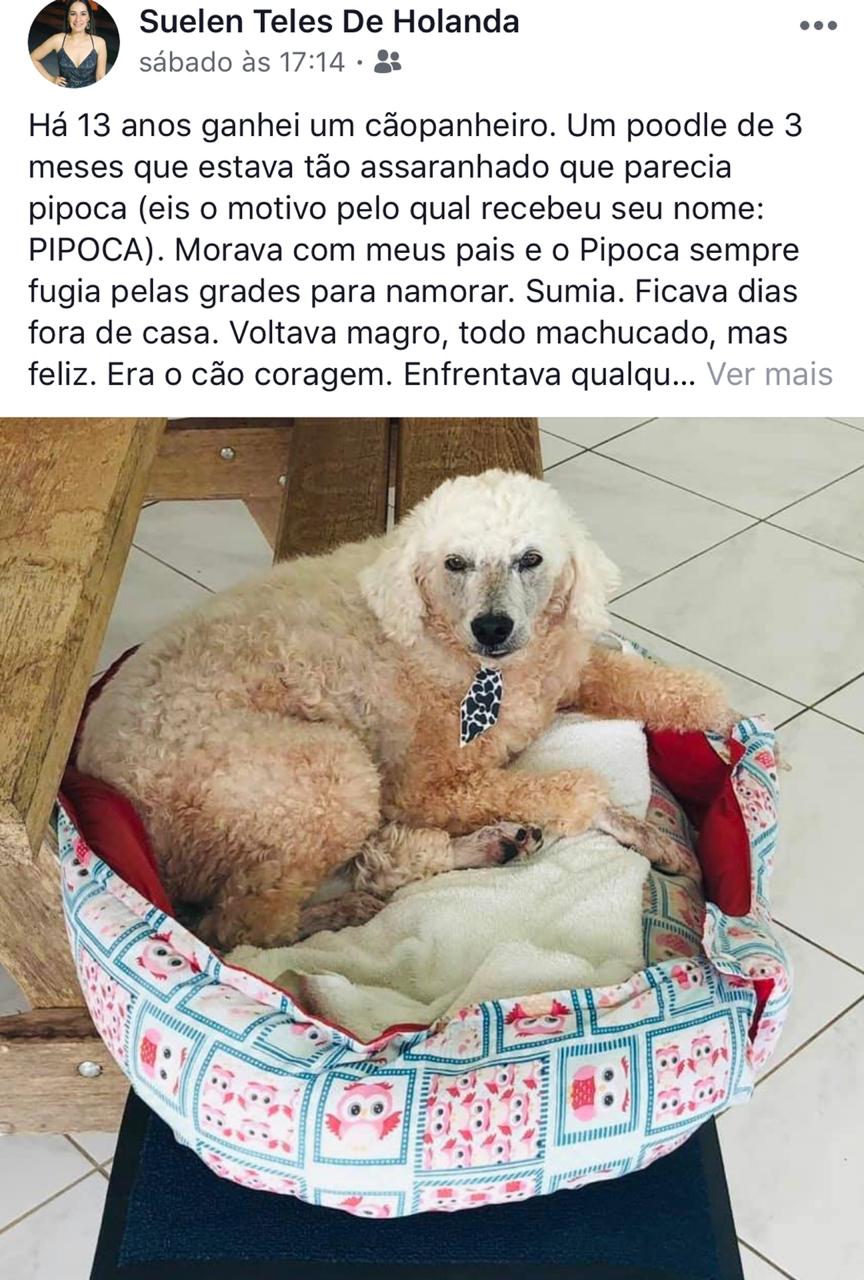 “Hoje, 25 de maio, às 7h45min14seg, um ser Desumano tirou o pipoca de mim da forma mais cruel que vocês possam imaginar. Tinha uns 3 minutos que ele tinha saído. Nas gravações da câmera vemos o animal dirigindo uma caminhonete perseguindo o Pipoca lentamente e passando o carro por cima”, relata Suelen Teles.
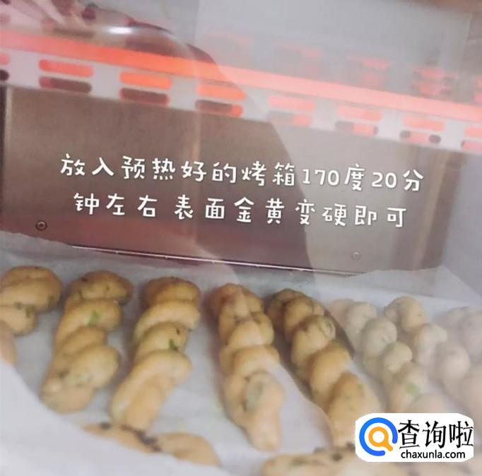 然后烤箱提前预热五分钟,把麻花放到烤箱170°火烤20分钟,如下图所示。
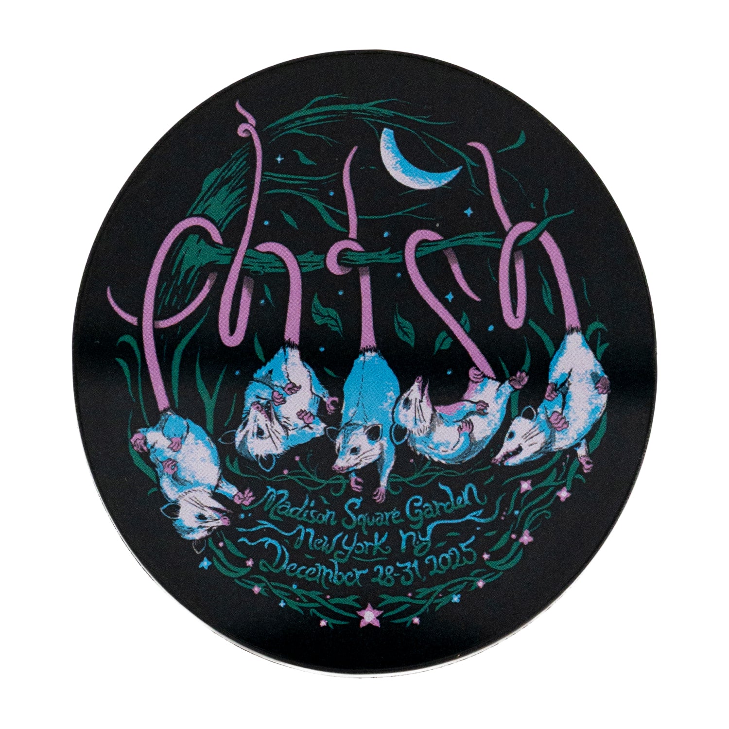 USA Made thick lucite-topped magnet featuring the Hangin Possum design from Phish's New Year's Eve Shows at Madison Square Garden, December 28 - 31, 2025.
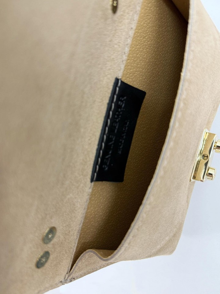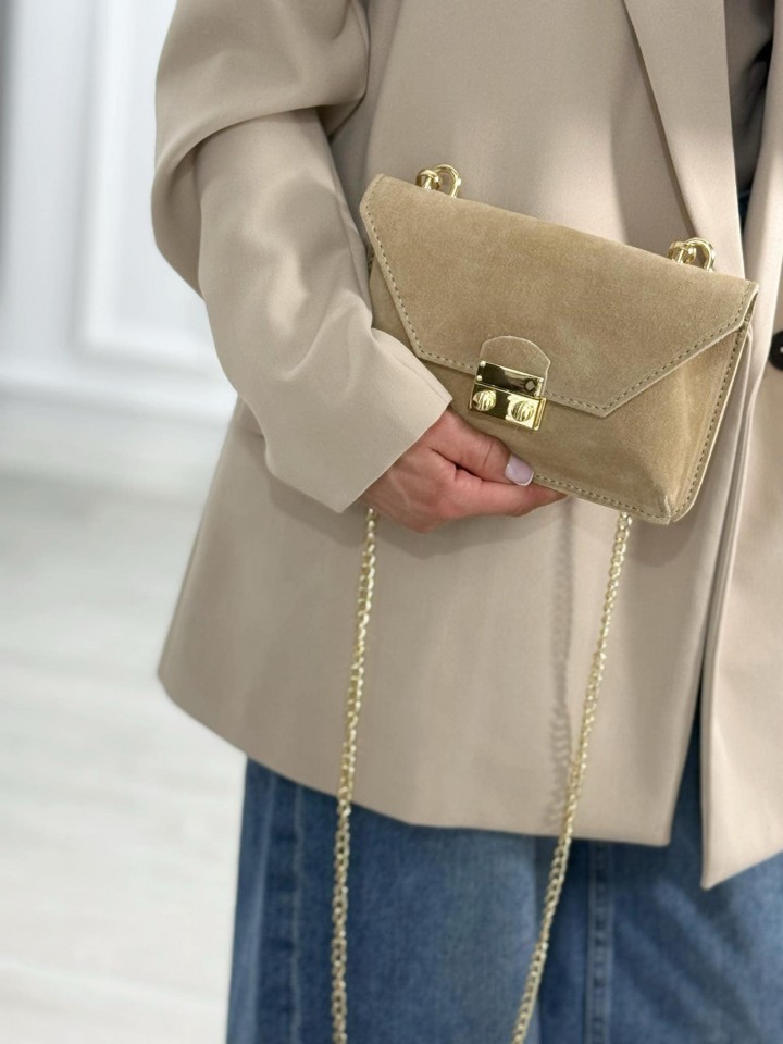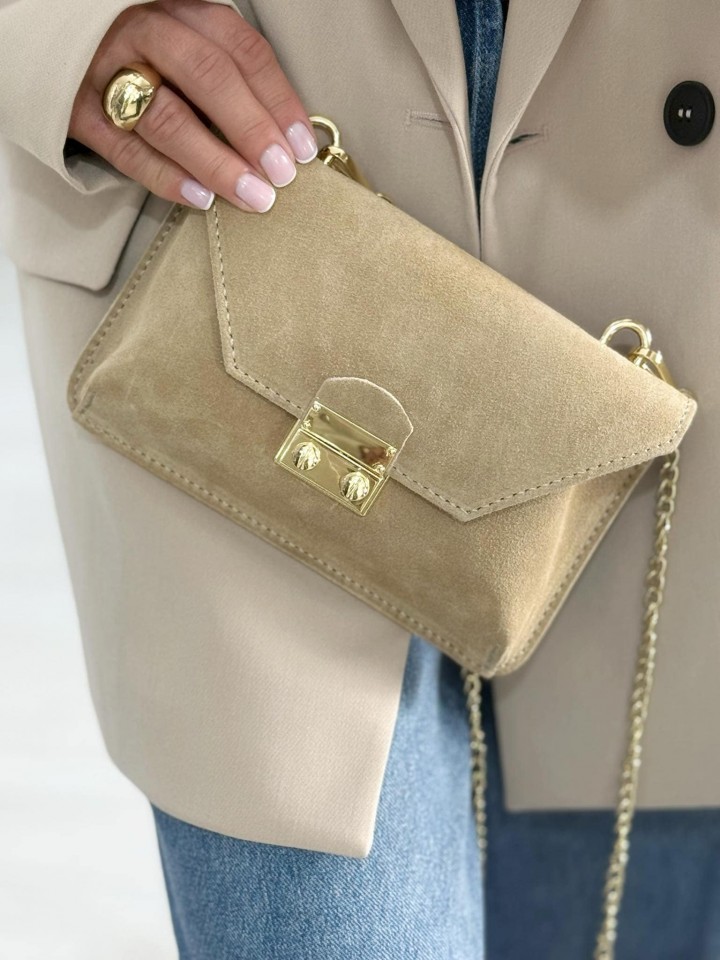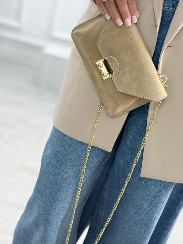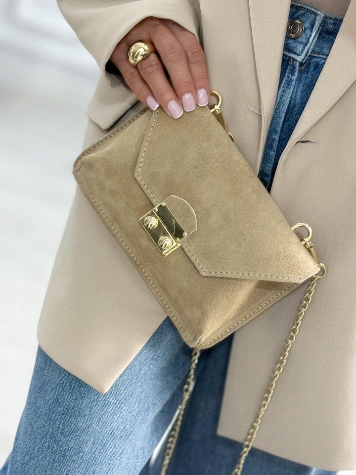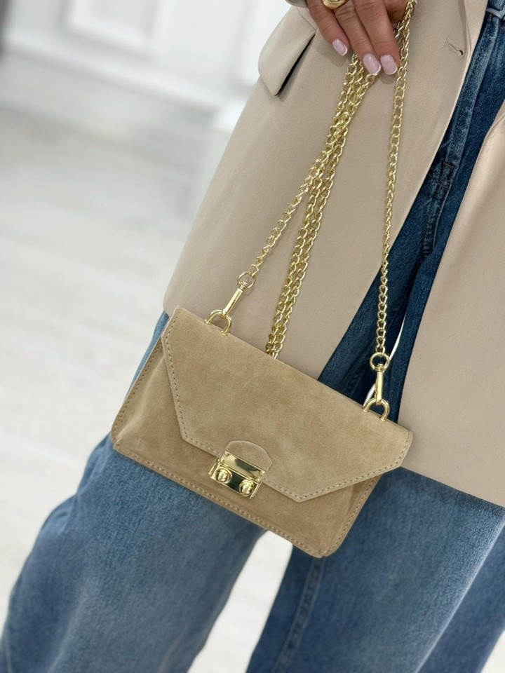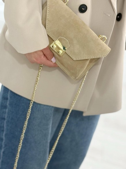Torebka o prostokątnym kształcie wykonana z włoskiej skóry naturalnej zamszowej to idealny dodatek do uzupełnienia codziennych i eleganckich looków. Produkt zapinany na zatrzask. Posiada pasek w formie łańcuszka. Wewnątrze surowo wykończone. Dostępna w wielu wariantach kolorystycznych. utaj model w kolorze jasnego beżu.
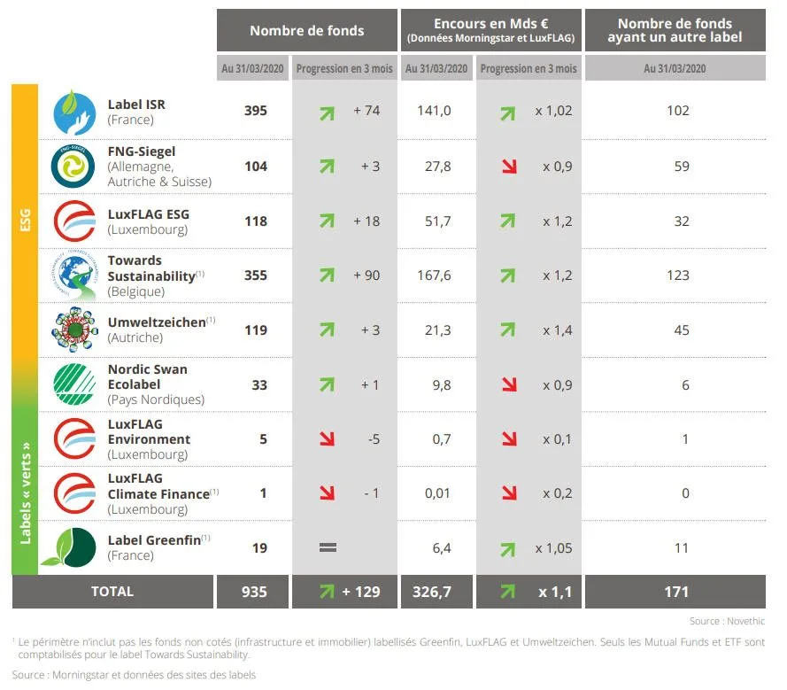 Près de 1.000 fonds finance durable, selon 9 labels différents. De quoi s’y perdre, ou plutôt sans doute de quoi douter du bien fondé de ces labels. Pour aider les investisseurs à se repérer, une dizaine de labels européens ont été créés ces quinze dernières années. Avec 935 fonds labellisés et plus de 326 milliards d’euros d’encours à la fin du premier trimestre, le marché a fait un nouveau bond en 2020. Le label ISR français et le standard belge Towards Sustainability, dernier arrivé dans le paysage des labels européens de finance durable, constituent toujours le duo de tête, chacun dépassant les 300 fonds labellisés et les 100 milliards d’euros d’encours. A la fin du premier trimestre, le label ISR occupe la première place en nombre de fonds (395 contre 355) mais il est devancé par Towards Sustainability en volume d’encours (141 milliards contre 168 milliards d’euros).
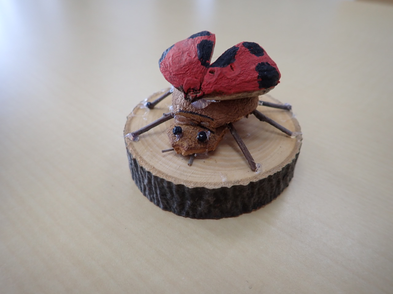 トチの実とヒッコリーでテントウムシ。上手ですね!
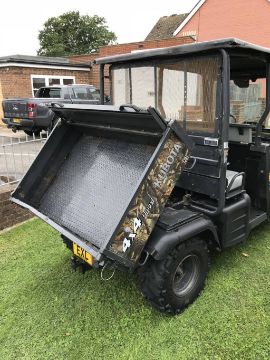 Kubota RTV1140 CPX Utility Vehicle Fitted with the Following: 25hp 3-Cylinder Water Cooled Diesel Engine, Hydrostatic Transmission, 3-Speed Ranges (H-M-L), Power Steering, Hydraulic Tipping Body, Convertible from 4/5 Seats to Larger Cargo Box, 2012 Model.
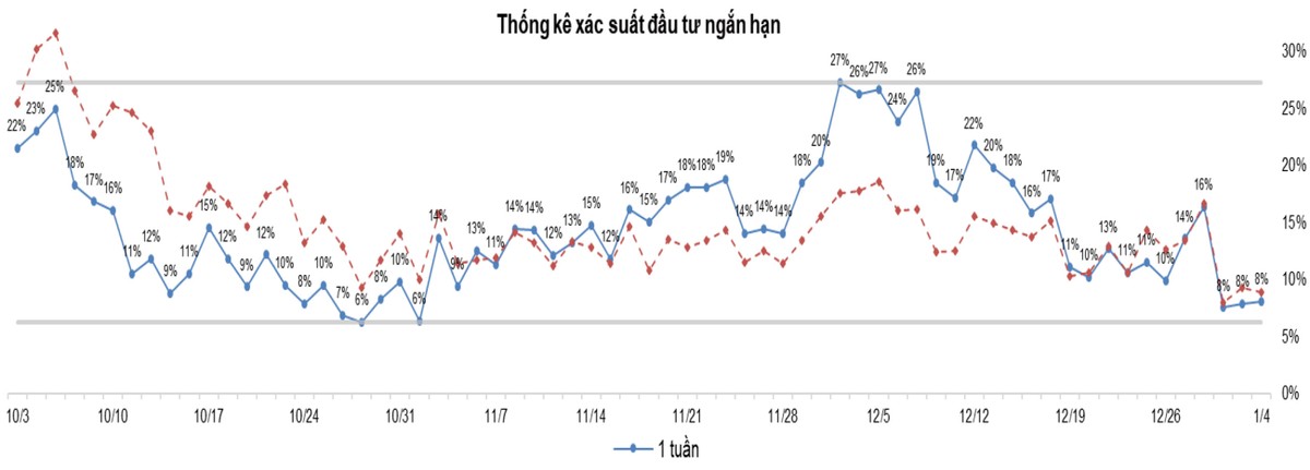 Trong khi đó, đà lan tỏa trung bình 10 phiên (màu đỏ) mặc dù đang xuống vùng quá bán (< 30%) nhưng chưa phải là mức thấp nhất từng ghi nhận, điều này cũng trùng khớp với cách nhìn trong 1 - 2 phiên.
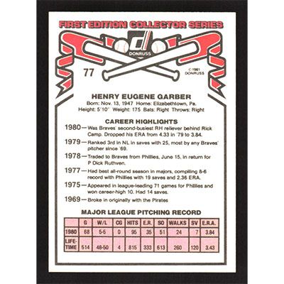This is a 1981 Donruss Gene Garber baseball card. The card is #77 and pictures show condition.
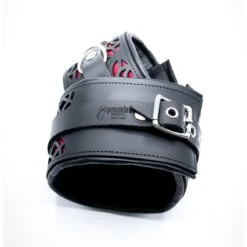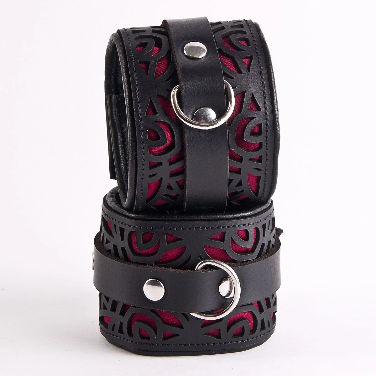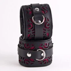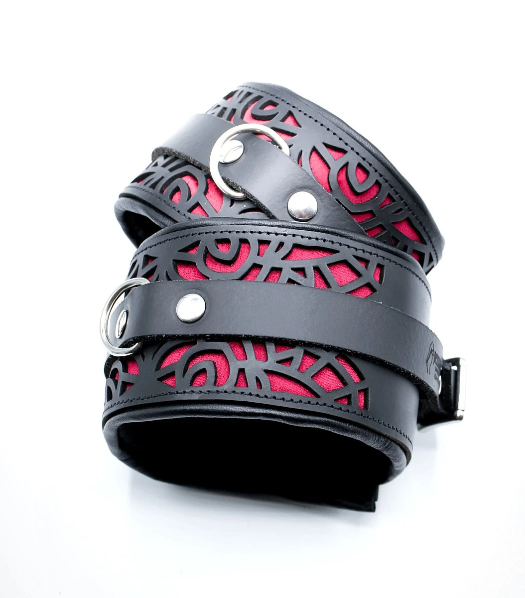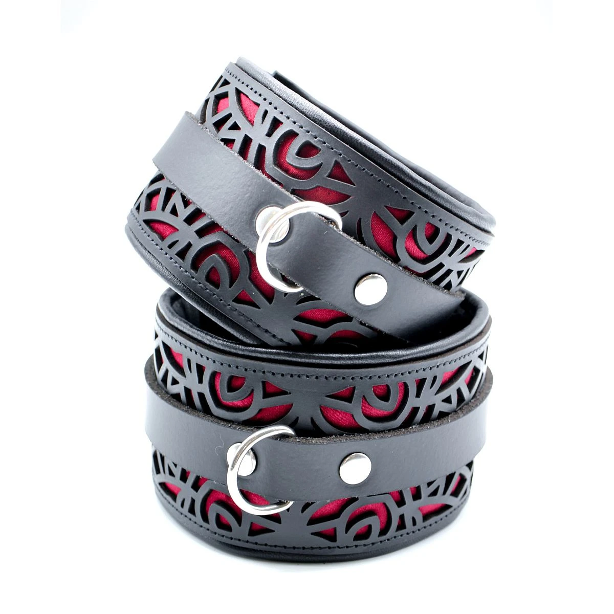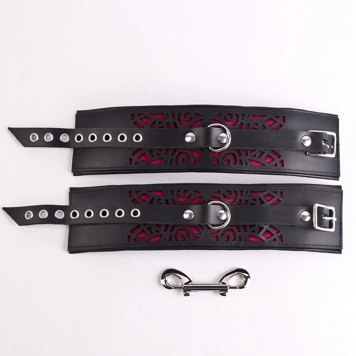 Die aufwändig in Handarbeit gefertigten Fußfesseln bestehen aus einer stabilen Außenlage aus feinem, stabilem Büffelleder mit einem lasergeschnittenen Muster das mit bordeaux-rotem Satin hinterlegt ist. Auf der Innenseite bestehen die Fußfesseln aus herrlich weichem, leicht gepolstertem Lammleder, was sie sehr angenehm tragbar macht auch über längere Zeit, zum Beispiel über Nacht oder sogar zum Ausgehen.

_ _ _

TASK TO CARRY OUT: Print the records exactly, every one. Leave out the pictures.

TASK OUTPUT:
 “Hoje, 25 de maio, às 7h45min14seg, um ser Desumano tirou o pipoca de mim da forma mais cruel que vocês possam imaginar. Tinha uns 3 minutos que ele tinha saído. Nas gravações da câmera vemos o animal dirigindo uma caminhonete perseguindo o Pipoca lentamente e passando o carro por cima”, relata Suelen Teles.
 然后烤箱提前预热五分钟,把麻花放到烤箱170°火烤20分钟,如下图所示。
 USA Made thick lucite-topped magnet featuring the Hangin Possum design from Phish's New Year's Eve Shows at Madison Square Garden, December 28 - 31, 2025.
Torebka o prostokątnym kształcie wykonana z włoskiej skóry naturalnej zamszowej to idealny dodatek do uzupełnienia codziennych i eleganckich looków. Produkt zapinany na zatrzask. Posiada pasek w formie łańcuszka. Wewnątrze surowo wykończone. Dostępna w wielu wariantach kolorystycznych. utaj model w kolorze jasnego beżu.
 Près de 1.000 fonds finance durable, selon 9 labels différents. De quoi s’y perdre, ou plutôt sans doute de quoi douter du bien fondé de ces labels. Pour aider les investisseurs à se repérer, une dizaine de labels européens ont été créés ces quinze dernières années. Avec 935 fonds labellisés et plus de 326 milliards d’euros d’encours à la fin du premier trimestre, le marché a fait un nouveau bond en 2020. Le label ISR français et le standard belge Towards Sustainability, dernier arrivé dans le paysage des labels européens de finance durable, constituent toujours le duo de tête, chacun dépassant les 300 fonds labellisés et les 100 milliards d’euros d’encours. A la fin du premier trimestre, le label ISR occupe la première place en nombre de fonds (395 contre 355) mais il est devancé par Towards Sustainability en volume d’encours (141 milliards contre 168 milliards d’euros).
 トチの実とヒッコリーでテントウムシ。上手ですね!
 Kubota RTV1140 CPX Utility Vehicle Fitted with the Following: 25hp 3-Cylinder Water Cooled Diesel Engine, Hydrostatic Transmission, 3-Speed Ranges (H-M-L), Power Steering, Hydraulic Tipping Body, Convertible from 4/5 Seats to Larger Cargo Box, 2012 Model.
 Trong khi đó, đà lan tỏa trung bình 10 phiên (màu đỏ) mặc dù đang xuống vùng quá bán (< 30%) nhưng chưa phải là mức thấp nhất từng ghi nhận, điều này cũng trùng khớp với cách nhìn trong 1 - 2 phiên.
This is a 1981 Donruss Gene Garber baseball card. The card is #77 and pictures show condition.
 Die aufwändig in Handarbeit gefertigten Fußfesseln bestehen aus einer stabilen Außenlage aus feinem, stabilem Büffelleder mit einem lasergeschnittenen Muster das mit bordeaux-rotem Satin hinterlegt ist. Auf der Innenseite bestehen die Fußfesseln aus herrlich weichem, leicht gepolstertem Lammleder, was sie sehr angenehm tragbar macht auch über längere Zeit, zum Beispiel über Nacht oder sogar zum Ausgehen.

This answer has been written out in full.